----- Dataset excerpt

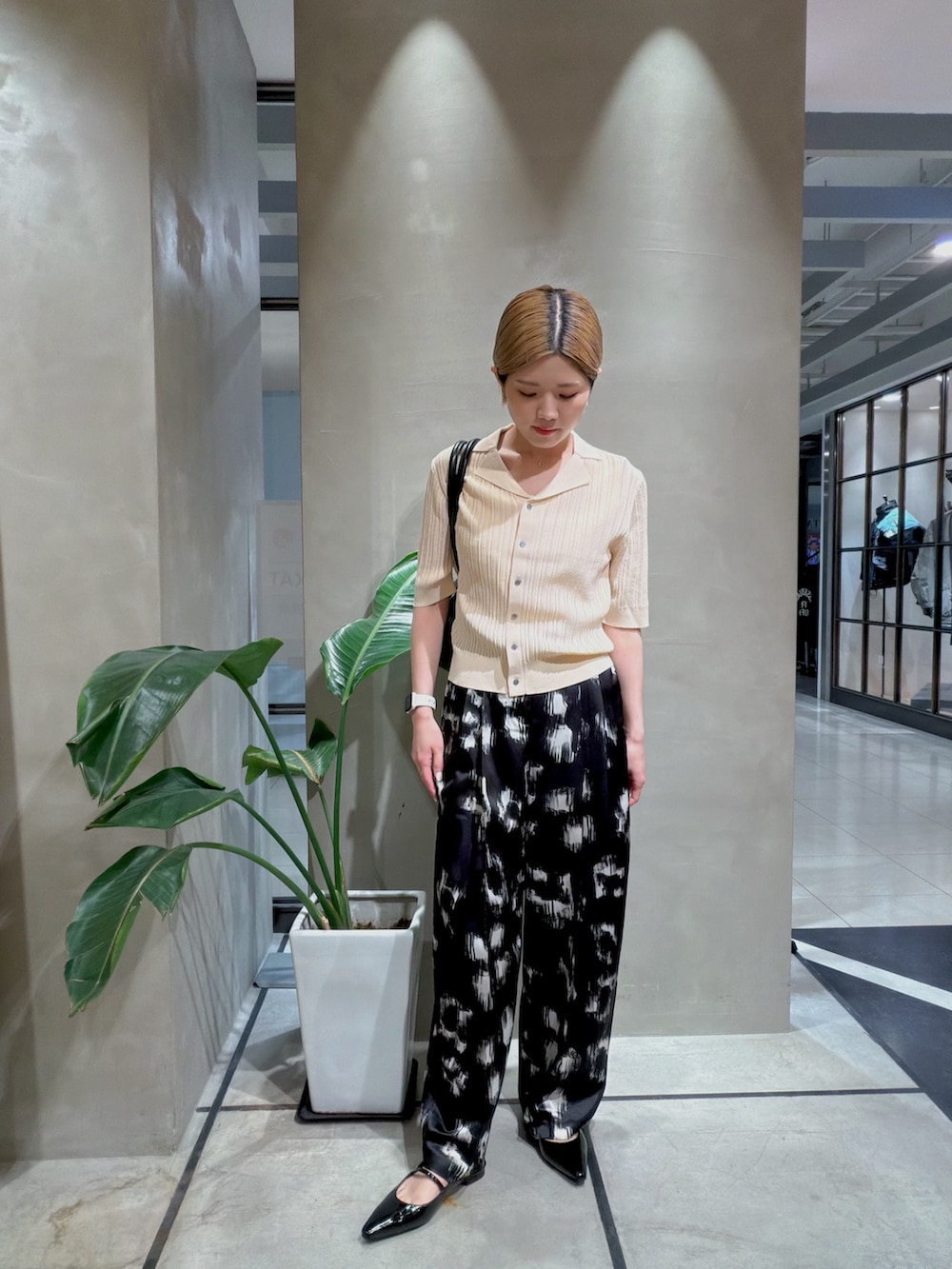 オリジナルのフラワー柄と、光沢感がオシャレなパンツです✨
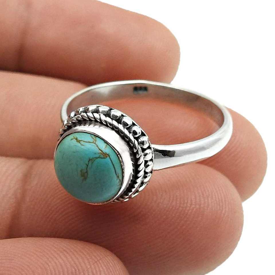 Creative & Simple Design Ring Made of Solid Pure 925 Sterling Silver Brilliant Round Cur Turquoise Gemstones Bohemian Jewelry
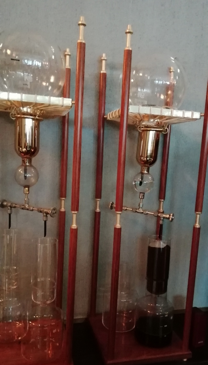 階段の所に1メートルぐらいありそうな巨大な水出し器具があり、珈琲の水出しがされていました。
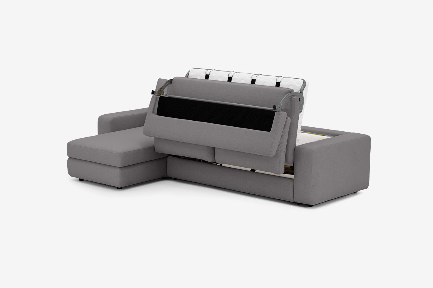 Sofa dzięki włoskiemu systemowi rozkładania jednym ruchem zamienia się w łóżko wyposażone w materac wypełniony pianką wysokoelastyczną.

----------

[Assigned task] Give an exact copy of the material, leaving out every picture.

[Task output]
 オリジナルのフラワー柄と、光沢感がオシャレなパンツです✨
 Creative & Simple Design Ring Made of Solid Pure 925 Sterling Silver Brilliant Round Cur Turquoise Gemstones Bohemian Jewelry
 階段の所に1メートルぐらいありそうな巨大な水出し器具があり、珈琲の水出しがされていました。
 Sofa dzięki włoskiemu systemowi rozkładania jednym ruchem zamienia się w łóżko wyposażone w materac wypełniony pianką wysokoelastyczną.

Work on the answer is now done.